→ **Exercise objective**
Print the data below exactly, but only the lines from the one containing "El alcalde, José" down to the one containing "さらに、今回リリースされたタ", inclusive.

→ **Available data**
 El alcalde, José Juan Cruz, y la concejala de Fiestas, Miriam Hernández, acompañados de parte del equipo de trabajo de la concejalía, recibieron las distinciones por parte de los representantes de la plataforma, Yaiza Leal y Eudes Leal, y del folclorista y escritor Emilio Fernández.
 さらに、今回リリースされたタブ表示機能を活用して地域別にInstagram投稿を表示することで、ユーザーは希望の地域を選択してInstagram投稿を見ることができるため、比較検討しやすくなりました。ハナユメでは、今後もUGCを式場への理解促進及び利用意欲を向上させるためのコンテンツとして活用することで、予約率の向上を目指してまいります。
--
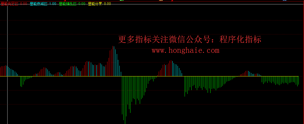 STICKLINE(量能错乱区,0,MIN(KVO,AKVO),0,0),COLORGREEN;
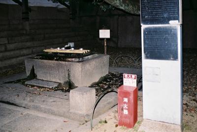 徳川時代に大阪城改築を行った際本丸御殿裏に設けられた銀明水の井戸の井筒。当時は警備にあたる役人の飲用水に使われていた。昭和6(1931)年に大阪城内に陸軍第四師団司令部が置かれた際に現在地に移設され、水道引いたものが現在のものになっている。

→ **Task answer**
 El alcalde, José Juan Cruz, y la concejala de Fiestas, Miriam Hernández, acompañados de parte del equipo de trabajo de la concejalía, recibieron las distinciones por parte de los representantes de la plataforma, Yaiza Leal y Eudes Leal, y del folclorista y escritor Emilio Fernández.
 さらに、今回リリースされたタブ表示機能を活用して地域別にInstagram投稿を表示することで、ユーザーは希望の地域を選択してInstagram投稿を見ることができるため、比較検討しやすくなりました。ハナユメでは、今後もUGCを式場への理解促進及び利用意欲を向上させるためのコンテンツとして活用することで、予約率の向上を目指してまいります。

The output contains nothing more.